Which states allow passengers to have an open container of alcohol?

Alaska, Arkansas, Connecticut, Delaware, Mississippi, Missouri, Rhode Island, Tennessee, Virginia, and West Virginia all allow a vehicle’s passengers to possess open containers of alcohol.

Convertible passenger drinking alcohol in a moving car.
Drinking passenger | Sidral Mundet via Unsplash

The other 40 states–and the District of Columbia–expressly prohibit passengers from having an open container of alcohol. Note that an “open container” doesn’t mean a cup without a top. It means any container that no longer has its original seal. So this includes a flask with a threaded top or a thermos, as well as any open can or bottle.

Arkansas and West Virginia have unique laws

A driver of a car drinking from a cup.
Driving in a car | Ryan Porter via Unsplash

The open container laws in Arkansas and West Virginia are a bit different–according to FindLaw.com. In these states, passengers can possess open containers of alcohol, but can not be consuming them in a moving vehicle.

Why would the law be written this way? Remember that open containers can include flasks or mixed drinks sealed in canteens you might want to transport. This law also allows you to save and transport a bottle of wine or liquor that you began to drink but want to take home. You can even order alcohol from a drive-through and put it in your cupholder. In other states, you would need to lock these drinks in your trunk. But in Arkansas or West Virginia, you can have them on your person.

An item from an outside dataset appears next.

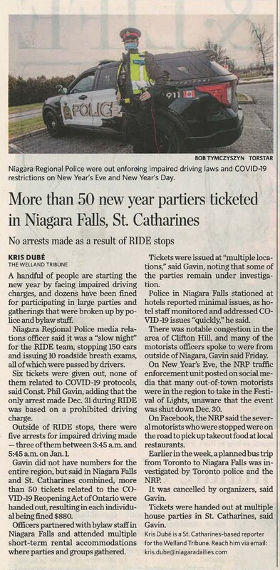 More than 50 new years partiers ticketed in Niagara Falls, St. Catharines : No arrests made as a result of RIDE stops

Virginia also has a unique law. Passengers can technically possess and consume open containers of alcohol. But police can presume this means the driver is also drinking, until the driver proves otherwise. So if you are going to let your passengers drink while you drive through Virginia, be prepared to pass a breathalizer test.

Why can’t passengers drink alcohol while you drive?

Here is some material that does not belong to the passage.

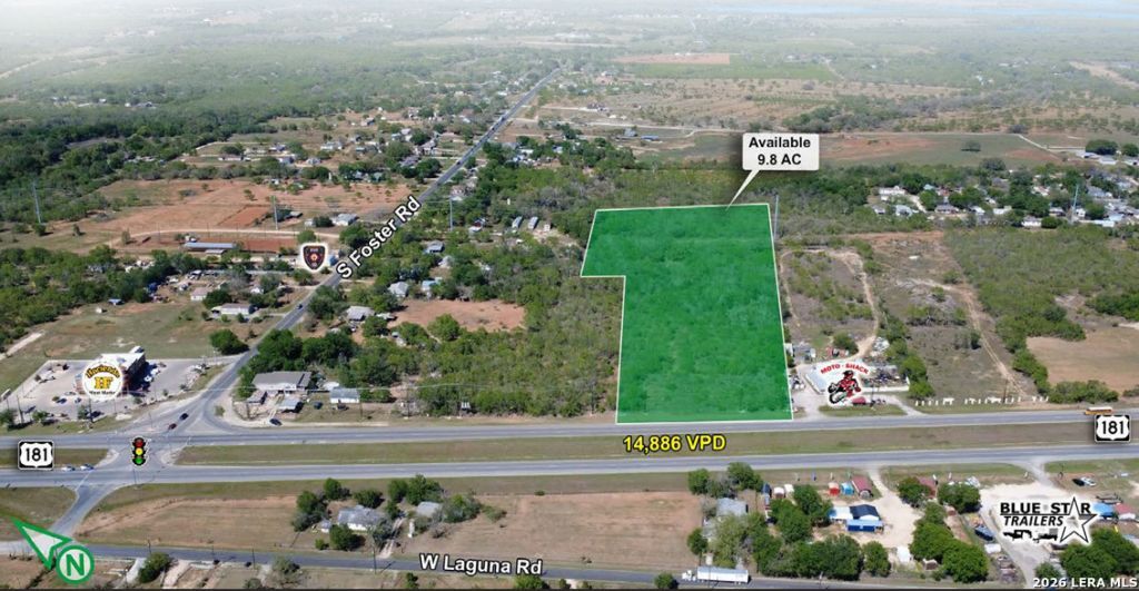 9.8 Acres on US Highway 181 by Foster Rd. - Outside City Limits - Between Braunig Lake and Calaveras Lake - 273 Ft Frontage - Electric and Water at street -

It makes sense why every state prohibits drinking while you drive: driving under the influence slows your reaction time and puts everyone else on the road in danger. But the reason four out of every five states prohibit your passengers from enjoying alcohol may surprise you.

A passenger with long hair hangs out the window of a moving motor vehicle.
Vehicle passenger | Averie Woodard via Unsplash

Many states cite how difficult it is for law enforcement to tell if a driver’s been drinking when a vehicle’s passengers have open alcohol. Some folks claim that drunk passengers could distract the driver.

Despite these reasons, there were many states that allowed passengers to drink in a moving vehicle until 1998. Then the U.S. Congress passed the Transportation Equity Act for the 21st Century. This legislation offered states money for banning open containers in vehicles.